Lunch: brought to you by the denaturing power of Lemon!
- Tuna and Beans
- Linguine with Lemon, Garlic and Thyme Mushrooms
Both of these recipes were firmly in my ‘not so sure about these’ category, and so it might seem odd that I cooked them so soon in the year, or indeed when we had friends coming for lunch. Their crime was, in both cases, containing an ingredient about which I am firmly sceptical- or downright negative.
In the case of the Tuna and Beans, this was the red onion. I am not a fan of raw red onion. In a restaurant I will sit and pick out slivers of red onion from salads in what I am sure is a most irritating fashion. However I decided to press on with the dish because a) I liked the general premise of beans and tuna fish, very Italian, and b) the onions had to steep in lemon juice for some time and that can make raw onion edible (think of the ones you put on poppadoms).
Whilst eating it, I enjoyed the salad. Dougal wasn’t a fan; the borlotti beans fell into his category of beans which don’t seem properly cooked (too firm with tough skins). Unfortunately, the onion was simply too raw. I spent the rest of the day burping horrendously and complaining of indigestion. So I think we’ll give that one a miss in future (unless I’m asked to do a salad for a barbeque, because I do think this is a salad other people would enjoy).

I was sceptical about the pasta because it calls for mushrooms but then does not cook them. Raw mushrooms are in fact used by the CIA as an implement of torture. They are just wrong, wrong, wrong. However, I went along with it, partly because Helen at AOYP (fellow challenge-ee) has made it and enthused, and because I reasoned that if I sliced my mushrooms very finely perhaps the heat from the pasta really would cook them adequately.
What I hadn’t reckoned on was the power of the lemon juice over the mushrooms. The finely sliced mushrooms got a wee bath in some lemon juice and olive oil and hot damn if that lemon juice didn’t ‘cook’ the mushrooms nicely. Nigella suggests that the mushrooms in their juice might make a nice salad and I’m inclined to agree.
I do wish though that I had had fully faithful ingredients for this. Despite the lunch date being planned a fortnight in advance I didn’t get round to planning the meal till the morning and so shopping was done locally.
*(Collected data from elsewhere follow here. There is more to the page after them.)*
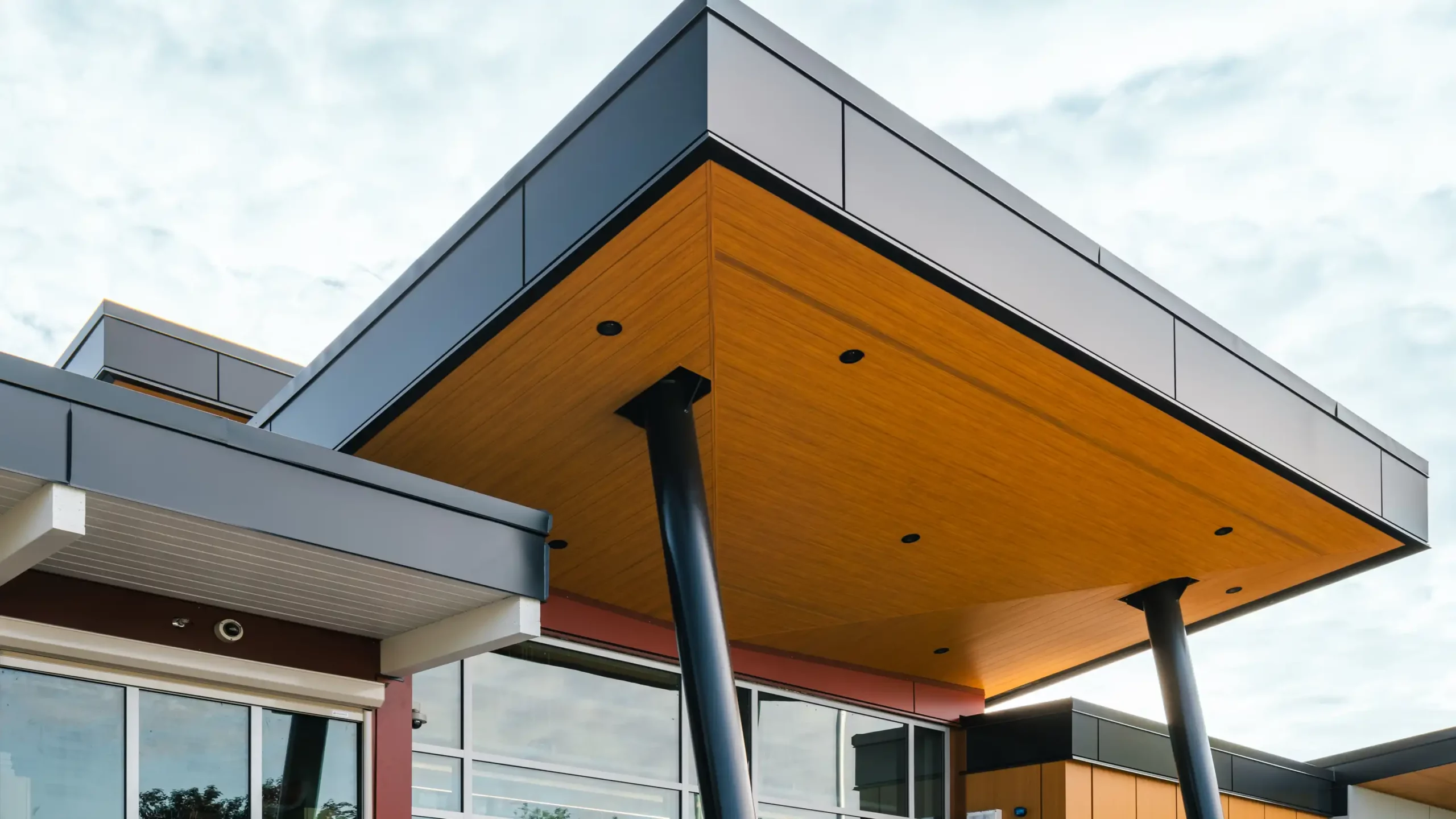Whole Foods, 6″ V-Groove Planks & 1×5″ Privacy Beam for Soffit / Cladding in Light Cherry
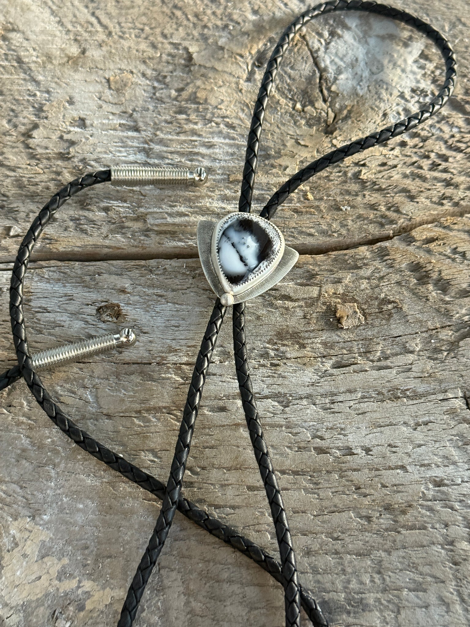 Sterling silver and black leather in a classic bolo style featuring a striking dendritic opal.  Wear it with your favorite white shirt and a pair of blue jeans or let it showcase an evening at dinner.  A strong and unique way to accessorize your collection.
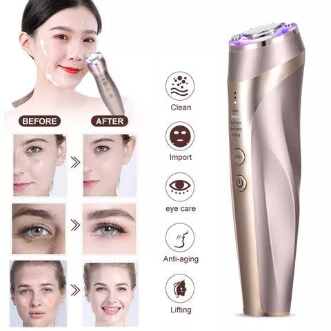 • RADIOFRECUENCIA: profundamente en la dermis de la piel, calienta la piel, fortalece el cuidado de la piel y nutre profundamente.

I would have liked to have had proper linguine (I find the shape very satisfying to eat) rather than spaghetti, and whilst Nigella says not having Chestnut Mushrooms is not an excuse to not make this dish, I’m annoyed I didn’t. Without cooking, button mushrooms are somewhat insipid in colour. Chestnut mushrooms would have made this dish generally more appealing on the eye. Nevertheless, a surprise hit.

You can see some of Dougal’s yummy little rolls (from Feast by Nigella Lawson) by the side.